代写ECE 380、代写Java/Python编程

日期：2023-02-22 09:36

ECE 380 Introduction to Communication Systems

Homework Assignment 2

Due: 16:00pm Tuesday, Feb. 14, 2023

Problem 1. Given g1(t) ? G1(f), g2(t) ? G2(f), please use the definitions of FT and inverse FT to

proof the the following FT properties.

a) The differentiation property: d

dt

g1(t)? j2πfG1(f).

b) The convolutional property: g1(t) ? g2(T )? G1(f)G2(f).

c) Parseval’s theorem: Eg =

∫∞

?∞ |g1(t)|2dt =

∫∞

?∞ |G1(f)|2df .

Problem 2. a) Find the energy spectral density of the signal g(t) = e?|t|.

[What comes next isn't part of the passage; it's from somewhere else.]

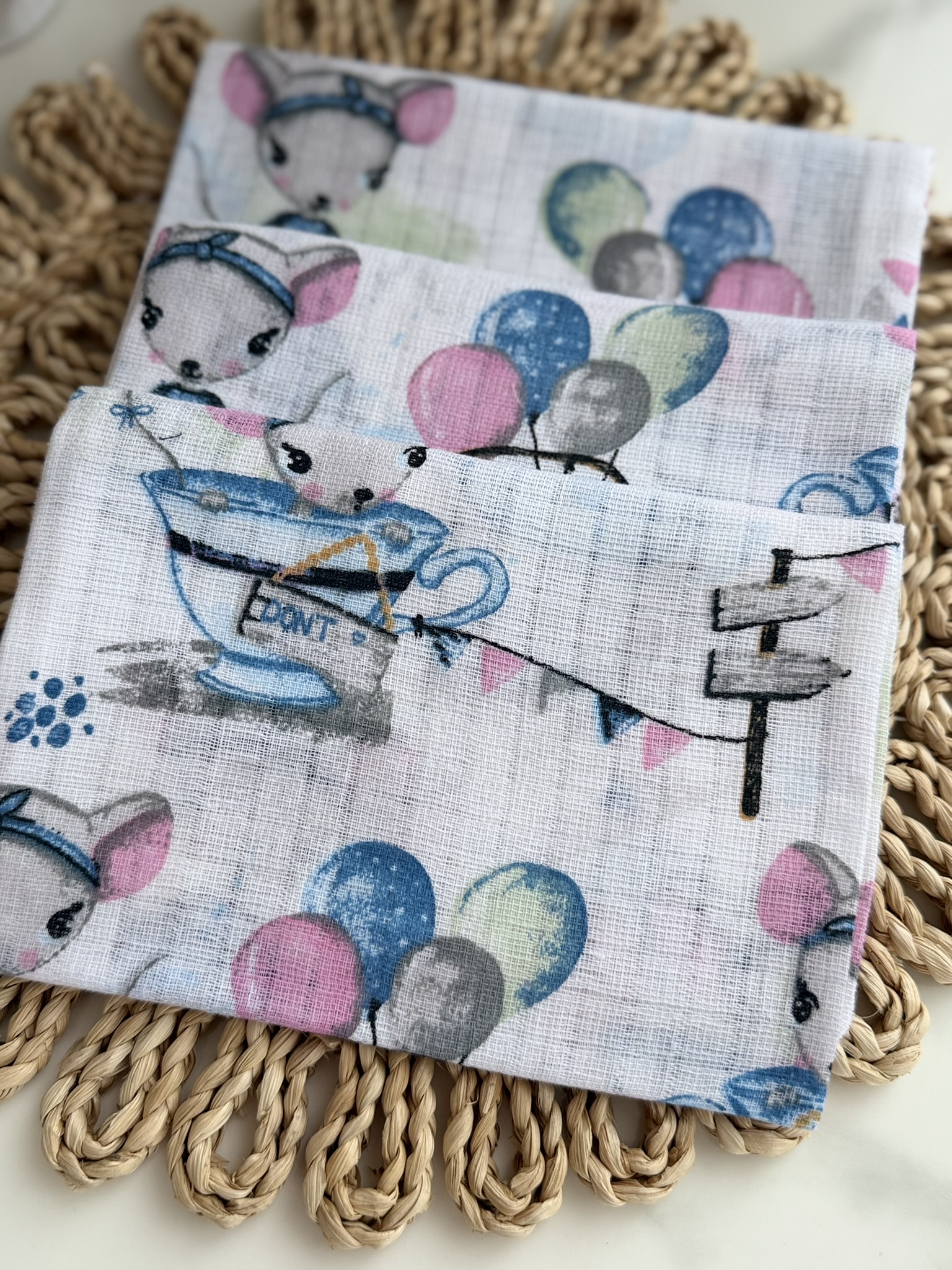 Rinkinį sudaro: 3 dvigubi merliukai su skirtingais raštais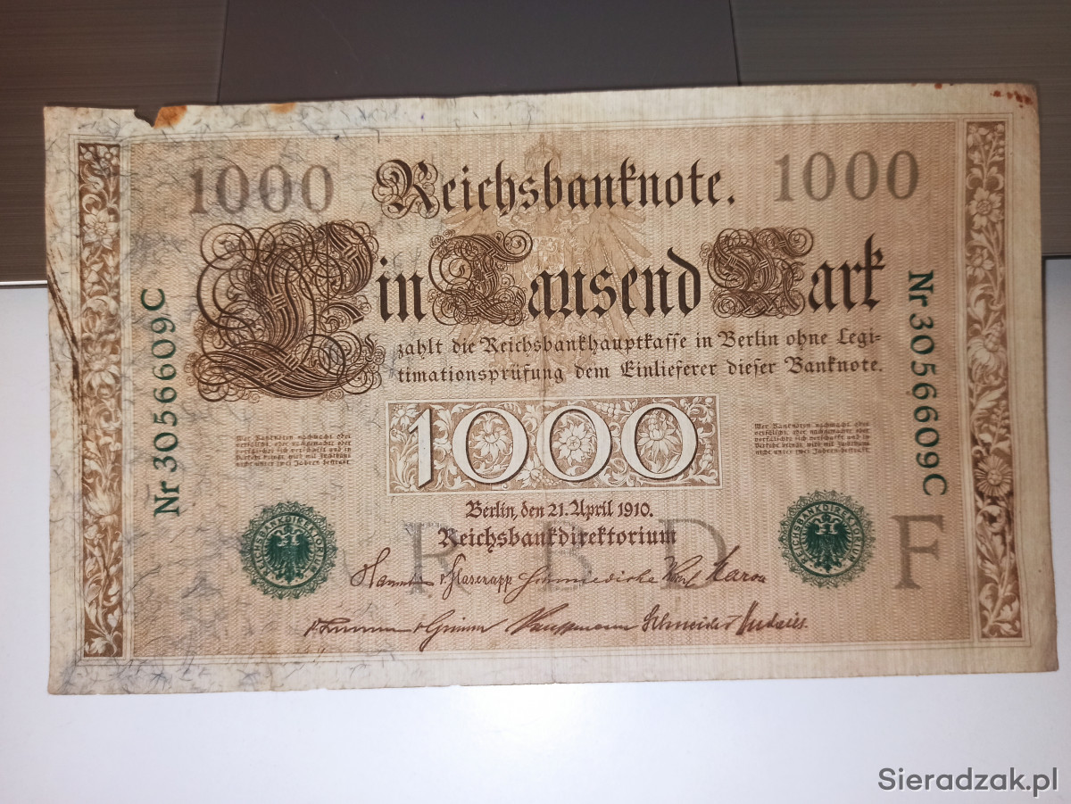 Sprzedam banknot Niemiecki 1000 marek z 1910 roku

b) Show that the signal g1(t) = e?|t?2| has the same energy spectral density as g(t).

Problem 3. Let gT0(t) be a periodic signal with period π. Over the period 0 ≤ t < π, it is defined by

gT0(t) = cos t. Find the Fourier transform of gT0(t) and draw the frequency spectrum.

Note: cosx cos y = 1

2

[cos(x? y) + cos(x+ y)],

sinx cos y = 1

2

[sin(x? y) + sin(x+ y)],∫

eax cos(bx)dx = e

ax

a2+b2

[a cos(bx) + b sin(bx)].

ECE 380 Introduction to Communication Systems

Homework Assignment 1

Due: 16:00pm Tuesday, Feb. 7, 2023

Problem 1. Find the inverse Fourier transforms of G(f) for the spectra in Figure 1 (a) and (b).

Note: G(f) = |G(f)|ej∠G(f).

Figure 1: Signals for Problem 1.

Problem 2. Find the Fourier transforms of the signals g1(t) and g2(t) in Figure 2 using either the

definition of Fourier Transform or the properties of Fourier Transform together with the table of

Fourier transform pairs posted on the course website.

Figure 2: Signals for Problem 2.

Problem 3. a) Prove the following result via properties of Fourier transform: For any signal g(t) with

Fourier transform G(f), we have

g(t) sin(2πfct)?

1

2j

[G(f ? fc)?G(f + fc)].

b) Using the result in (a), please find the Fourier transform of the time-domain signal

s(t) = [2 + cos(2πf0t)] sin(200πt),

where f0 > 0. Draw the spectra.

Note: Consider different ranges of f0.

1

ECE 380 Introduction to Communication Systems

Problem 4. (Haykin & Moher Problem 2.20 with revision) Any function g(t) can be split unambigu-

ously into an even part, ge(t), and an odd part, go(t), as shown by

g(t) = ge(t) + go(t),

where

ge(t) =

1

2

[g(t) + g(?t)] , go(t) = 1

2

[g(t)? g(?t)] .

a) Evaluate the even and odd parts of u(t).

b) What are the Fourier transforms of these two parts and the Fourier transform of u(t)?